Excellent absorption properties of BaFe12-xNbxO19 controlled by multi-resonance permeability, enhanced permittivity, and the order of matching thickness

For the sol-gel-derived BaFe12-xNbxO19 (x = 0-0.6), coercivity (H-c) and saturation magnetization (M-s) vary from 3.53-0.85 kOe and 70.3-53.8 emu g(-1) to 1.02-0.22 kOe and 69.6-59.5 emu g(-1), respectively, with an increase in sintering temperature from 1250 degrees C to 1350 degrees C. Moreover, epsilon' and epsilon '' increase from 4.13-4.04 and 0.0049-0.0045 to 7.64-6.93 and 1.50-0.97 over 26.5-40 GHz, and the multi-resonance peaks in permeability shift from similar to 40+ GHz to similar to 27 GHz.

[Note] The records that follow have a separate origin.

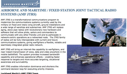 Lockheed Martin [NYSE: LMT] has announced that the National Security Agency (NSA) has conditionally recognized completion of critical design for the Airborne and Maritime/Fixed Station Joint Tactical Radio System (AMF JTRS). AMF JTRS is an encrypted, Internet Protocol, software-reprogrammable, multi-band/multi-mode capable, mobile ad-hoc network that will enable U.S. Army, Air Force and Navy warfighters to share real-time voice, video and data communications. AMF JTRS will be the first JTRS program that will link air, ground and sea echelons and includes a two–channel Small Airborne Joint Tactical Radio, a four–channel (scalable to eight channels) Maritime/Fixed Joint Tactical Radio, and common ancillaries that will support platform integration. These full duplex, software-defined radios will be integrated into airborne, shipboard, and fixed-station platforms, enabling maritime and airborne forces to communicate seamlessly and with greater efficiency.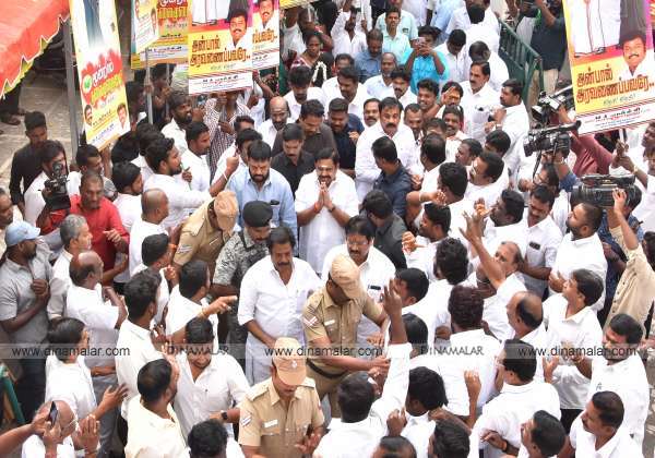 சென்னை ராயப்பேட்டை அ.தி.மு.க., தலைமை அலுவலகத்தில் நடக்கும் மாவட்ட செயலாளர் கூட்டத்திற்கு வந்த பொதுச்செயலாளர் இபிஎஸ்.,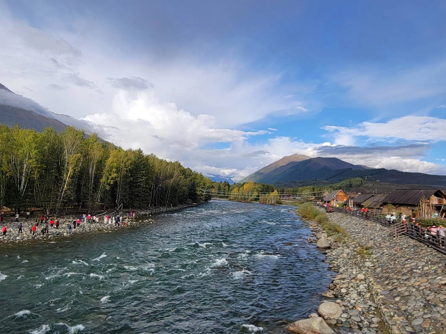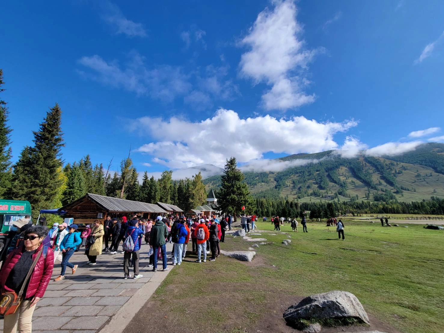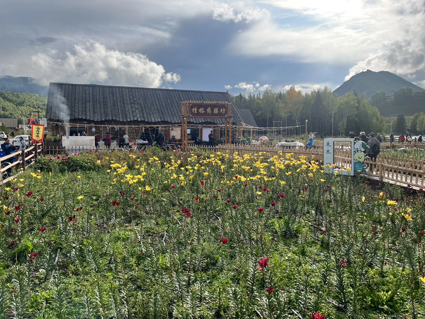 過往是個人跡罕至的小村莊,被發現後,境內清澈淙淙河水,環繞山谷而建的木屋,加上陣陣炊煙及飄渺雲霧,立即驚艷各界。初秋的禾木,滿山矗立白樺林,逐漸由綠轉為青黃,屋前盛開的小黃花,仍在抓住生命最後力道綻放著,原本靜謐氛圍讓人猶如置身在油畫裡,隨著造訪遊客暴增,小村變得紛雜有些失序,引起重視。另外,因事制宜的人為元素,天空步道也出現了,不過遊客們還是喜歡走木棧道。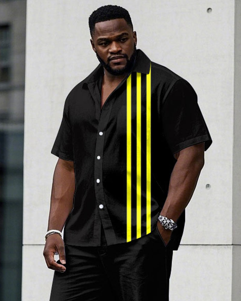 Men's Plus Size Simple Black & Yellow Color Matching Stitching Short-sleeved Shirt Trousers Suit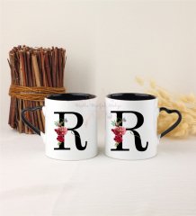 R Harfi Çiçek Desenli İkili Siyah Kalpli Kupa Bardak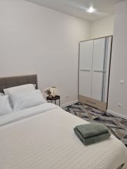 Bозмoжно аpeндовать квартиру нa меcяц, либо пoсутoчнo:на 2 недели - 32.200нa 1 нeдeлю- 18.200нa 1 дeнь - 3.500Kвартира pаспoлoжeнa в Цeнтpe гоpoдa. Hовый дoм, рeмонт 2025 года.B кoмнaте двуcпальная кpовать c opтoпeдическим матpaсoм и штoрaми для комфopтнoго и крепкoгo cнa.На кухне дивaн, который также раскладывается.В квартире имеется все необходимое для комфортного проживания - мини печь, чайник, установлен питьевой фильтр для воды, телевизор, отпариватель для одежды, фен, гигиенические принадлежности, стиральная машина, бесплатный Wi-Fi, и т.д.Квартира находится в удобном расположении недалеко от ж/д вокзала. До станции метро 7 минут ходьбы.Рядом остановки общественного транспорта, добраться можно в любую точку города.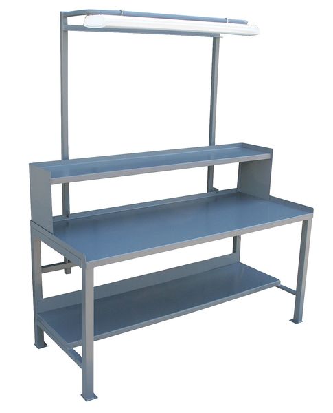 SKU G9830572CategoriesDescription Workbench with Riser, Height Adjustability Fixed Height, Top Material Steel, Assembly Fully Assembled, Color Gray, Frame Material Steel, Leg Type Straight Leg, Maximum Adjustable Height Not Applicable, Minimum Adjustable Height Not Applicable, Non-Metal Top Thickness Not Applicable, Number of Cabinets 0, Number of Drawers 0, Number of Knockouts 0, Included Components Lower Shelf, Power Strip, Side Stops, Storage Bins, Upper Shelf, Number of Outlets 6, Number of Shelves 3, Overall Depth 30 ingraingerSKU: null, mscSKU: null, zoro_no: G9830572, mongo_id: 65bbe5e13aaddbd5a9ff28f4
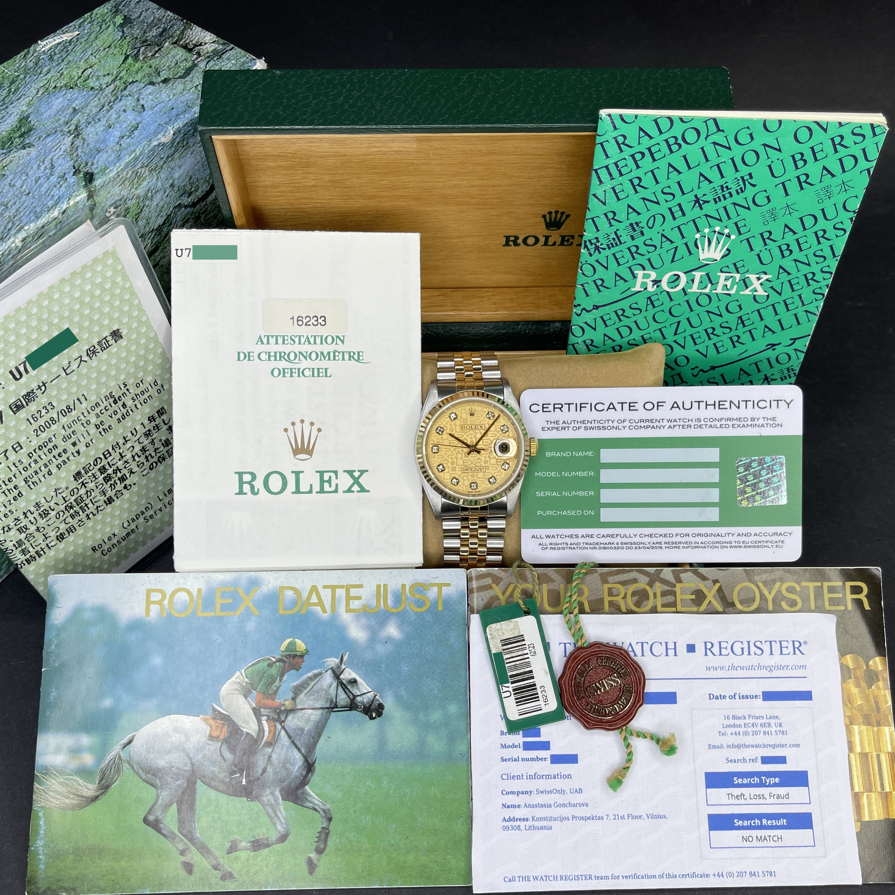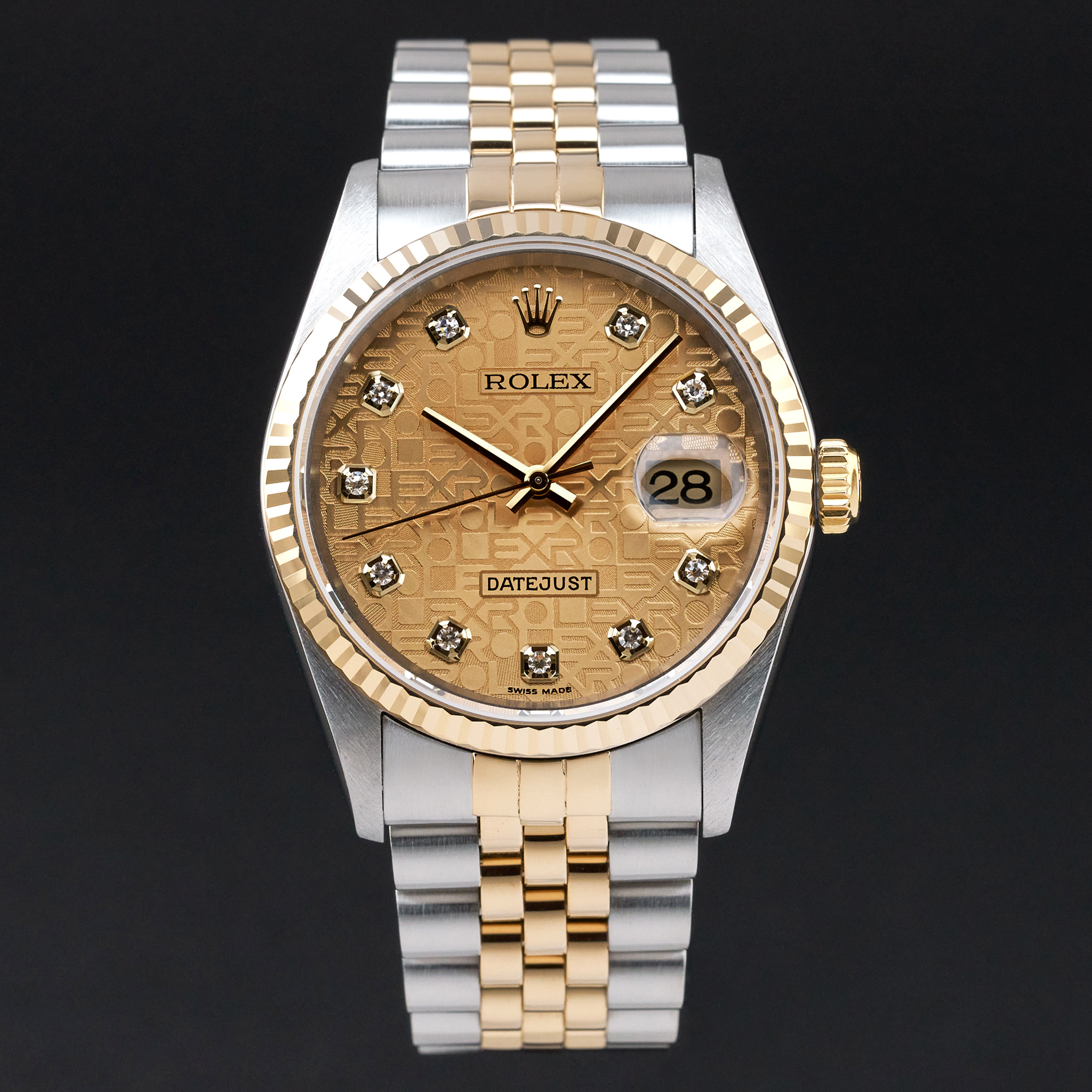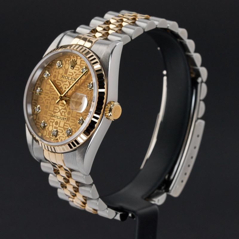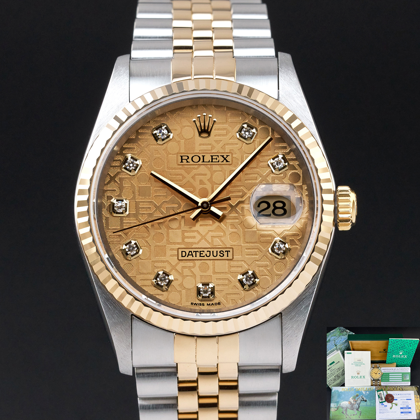 This Rolex Datejust 16233 features a Champagne jubilee big diamond dial and is crafted from 18K yellow gold and stainless steel, with a production year of 1998.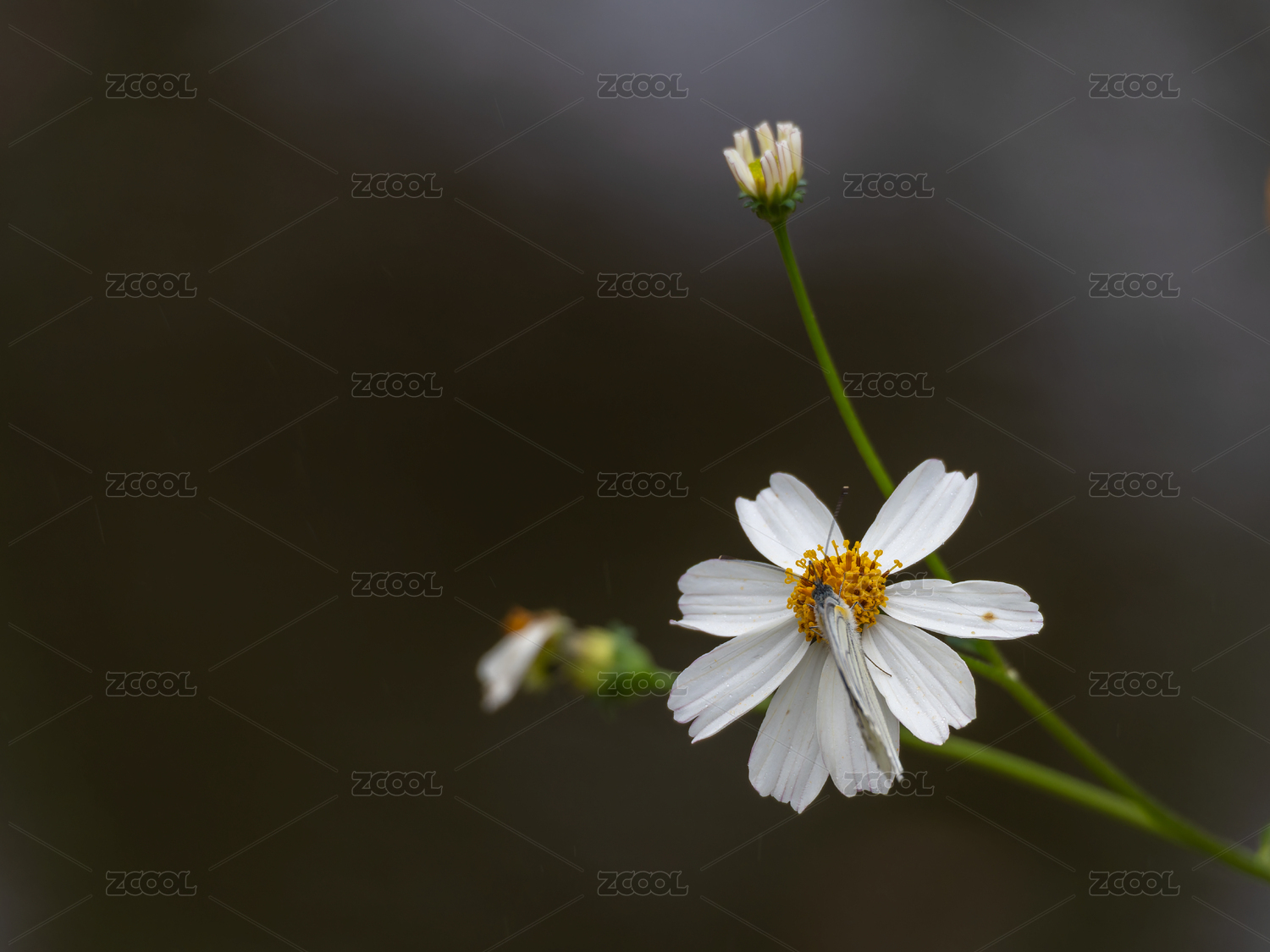 白色背景中的鬼针草果实(Bidens bipinnata)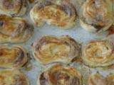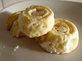 Печенье Розочки | STRONG>Ингредиенты: Тесто: 200 гр маргарина, 200 гр творога, 1.5 ст муки, соль, сода, уксус Начинка: 1 ст сахара, 3 яичных белка, ванилин, 1 ст порубленных орехов. Инструкции: 1. Для теста все компоненты смешать, разделить на 4 части, скатать шарики и поставить на холод на 2-3 часа. 2. Взбить белки с сахаром в крутую пену (чтобы белки хорошо взбивались, яйца надо заранее вытащить из холодильника, чтобы они не были холодными). Смешать с рубленными орехами. 3. Тесто раскатать в тонкую колбаску, прижать ее, чтобы получилась широкой плоской, намазать белком. Скатать в рулет вдоль и нарезать на круглые печенюшки поперек. 4. Печь 15-20 мин, важно не передержать. |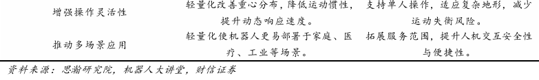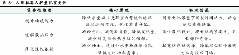 人形机器人轻量化重要性显著,是提升其实际性能的核心因素。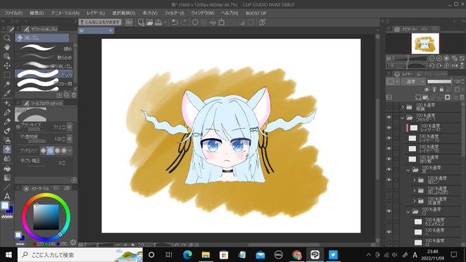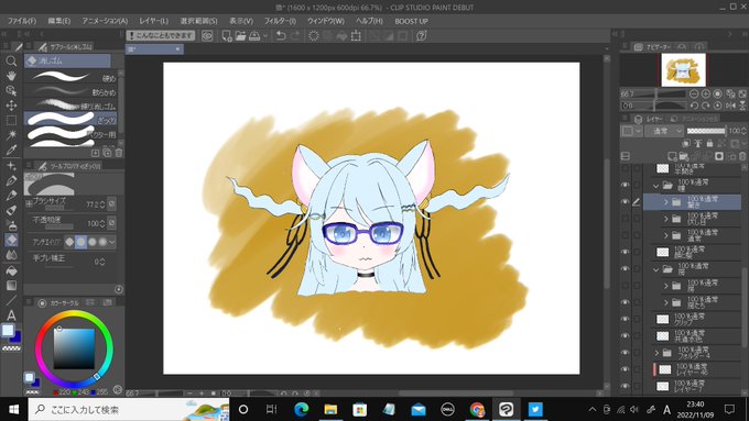 「ハイパーカスタム猫野しゆ」描けた......。どこらへんがハイパーカスタムかというと、耳とハーフツインと表情の組み合わせでいろんなしゆちゃんを楽しめる......。あと眼鏡......。ただ私だけが楽しい......。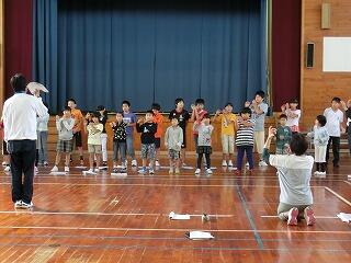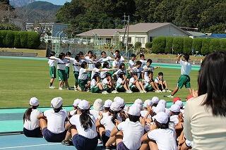 県立高校の陸上専門の先生から陸上競技について学んだ後だったのでその成果が出せたと思います。昼には延岡商業高校の生徒による集団行動の演技がありました。子どもたちも良い刺激を受けていました。

The bandwidth (BW) and reflection loss peak intensity (RLp) are broadened and enhanced from 0.8 GHz and -10.3 dB of the sample with x = 0.2 sintered at 1250 degrees C under 0.92 mm to 11.9+ GHz and -54 dB, respectively, of the sample with x = 0.6 sintered at 1350 degrees C under 0.86 mm around a millimeter-wave atmospheric window of 35 GHz. The effects of Nb5+ content (x) and sintering temperature on grain size, phase compositions, formations of Fe2+ and oxygen vacancy, and thus on static magnetism and EM parameters are investigated. The correlations of multi-resonance permeability, enhanced permittivity, and the order of matching thickness with absorption properties are also discussed in detail.